The analysis reveals that the companies with the location abbreviation "CL" (potentially representing Chile) have the highest average salary among the various company locations in the dataset. This suggests that employees working in companies located in "CL" tend to earn a significantly higher average salary compared to other locations. The specific reasons behind this disparity would require further investigation, considering factors such as local economic conditions, industry specialization, and company size.

**Distribution of Salary by Experience Level**

In [None]:
ggplot(Dataset, aes(x=experience_level, y=scale(salary))) +
  geom_boxplot() +
  labs(title="Boxplot for the Salary basing on Experience Level", x='Experience Level', y='Salary') +
  theme_minimal()

In [None]:
ggplot(Dataset, aes(x=experience_level, y=salary_in_usd)) +
  geom_boxplot(fill="#1380A1") +
  labs(title="Distribution of Salary by Experience Level", x="Experience Level", y="Salary") +
  theme_minimal()

**Distribution of Salary by Employment Type**

In [None]:
ggplot(Dataset, aes(x=employment_type, y=salary_in_usd)) +
  geom_boxplot(fill="#ADD8E6") +
  labs(title="Distribution of Salary by Employment Type", x="Employment Type", y="Salary")

**Distribution of Salary**

In [None]:
hist_salary<-ggplot(Dataset, aes(x=salary)) +
  geom_histogram(binwidth = 10000, fill="#FF5733", color="#1380A1") +
  labs(title="Distribution of Salary", x="Salary", y="Frequency")
hist_salary

**Distribution of Salary in USD**

In [None]:
hist_salary_in_usd<-ggplot(Dataset, aes(x=salary_in_usd)) +
  geom_histogram(binwidth=10000, fill = "#FF5733", color = "#1380A1") +
  labs(title="Distribution of Salary in USD", x="Salary", y="Frequency")
hist_salary_in_usd

**Distribution of Remote Ratio**

In [None]:
hist_remote_ratio<-ggplot(Dataset, aes(x=remote_ratio)) +
  geom_histogram(binwidth=10, fill="#FF5733", color="#1380A1") +
  labs(title="Distribution of Remote Ratio", x="Remote Ratio", y="Frequency")
hist_remote_ratio

**Finding Relations**

In [None]:
#Correlation
norm_num_cols<-scale(num_cols)
correl_mat<-cor(norm_num_cols)
correl_mat

In [None]:
plot(x=Dataset$work_year, y=Dataset$salary, xlab="Work Year", ylab="Salary",
main="Relation B/W Work Year & Salary")

In [None]:
#Creating Scatter Plot
pairs(~work_year+salary+salary_in_usd+remote_ratio, data=num_cols,
main='Relations between the Data Science Salaries')

In [None]:
ggplot(Dataset, aes(x = salary, y = remote_ratio)) +
  geom_point(color = "#1380A1") +
  labs(title = "Salary vs.
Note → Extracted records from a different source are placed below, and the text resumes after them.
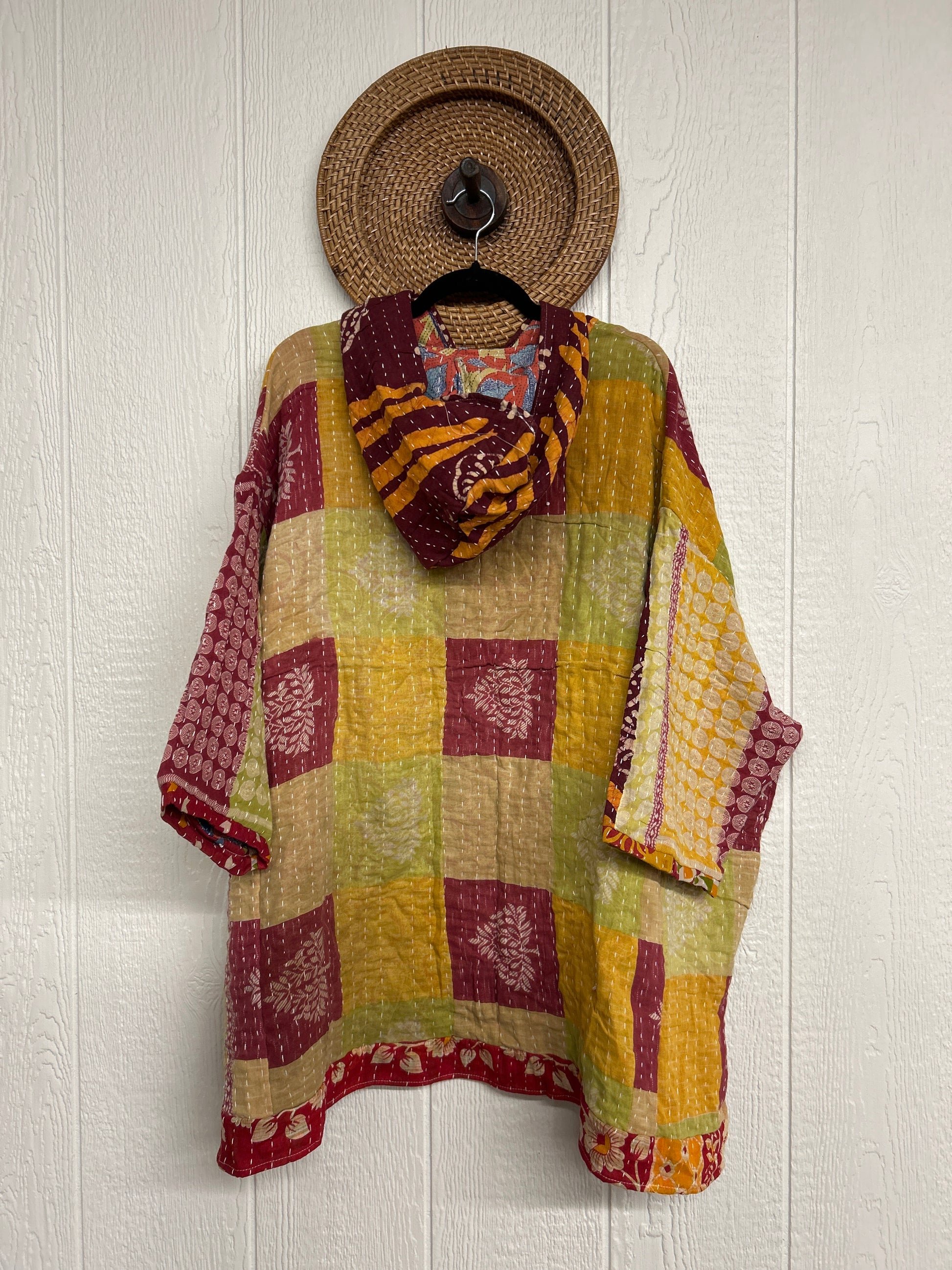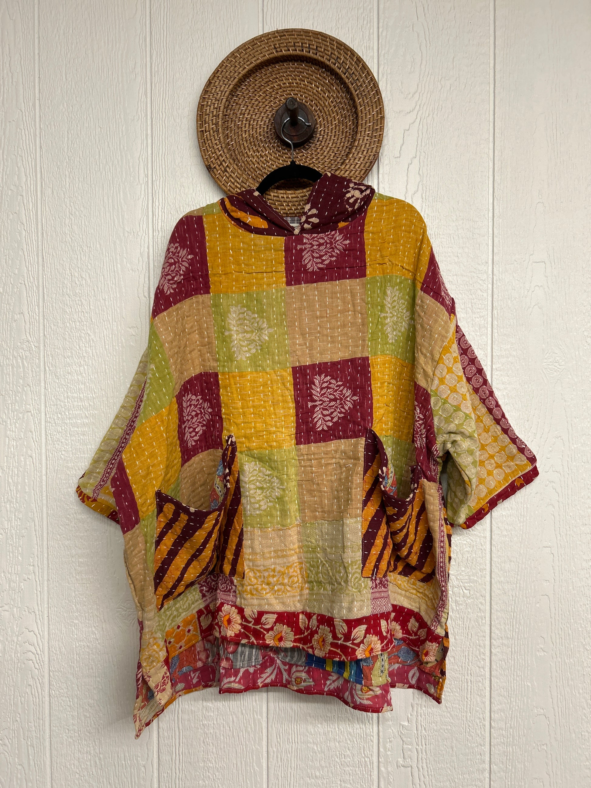 Crafted from koverlet kantha stitched cotton sari this slouchy hoodie features two exterior slouchy pockets for your treasures, a high low hem and hood.
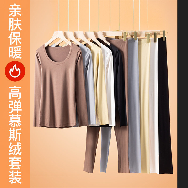古今商场同款无痕随心裁圆领不易卷边微绒保暖套装3R593
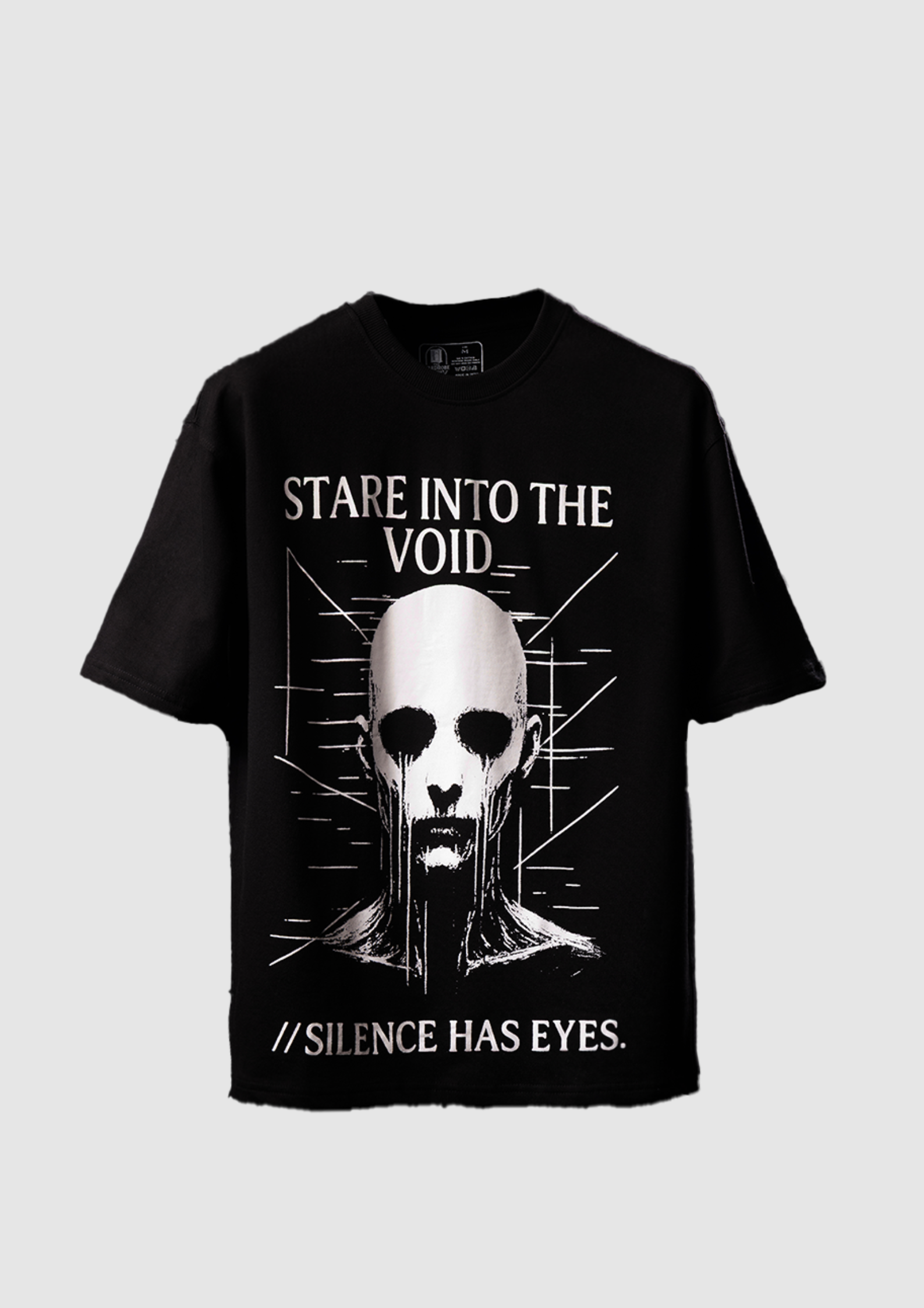 - Printed quote: “STARE INTO THE VOID // SILENCE HAS EYES”

Remote Ratio", x = "Salary", y = "Remote Ratio") +
  theme_minimal()

**Salary V/S Salary in USD**

In [None]:
ggplot(Dataset, aes(x = salary, y = salary_in_usd)) +
  geom_point(color = "#1380A1") +
  labs(title = "Salary vs. Salary in USD", x = "Salary", y = "Salary in USD") +
  theme_minimal()

The scatter plot "Salary vs. Salary in USD" illustrates the relationship between the salary values and their corresponding salary amounts in USD for the dataset. Each point on the plot represents a data entry, with its horizontal position indicating the salary and its vertical position showing the corresponding salary in USD. The plot reveals a positive correlation between the two variables, as the points tend to form a rising trend from the lower left to the upper right. This suggests that higher salaries are generally associated with higher values in USD. The plot helps us understand how salaries are related to their equivalent values in USD, providing insights into potential patterns and trends within the dataset.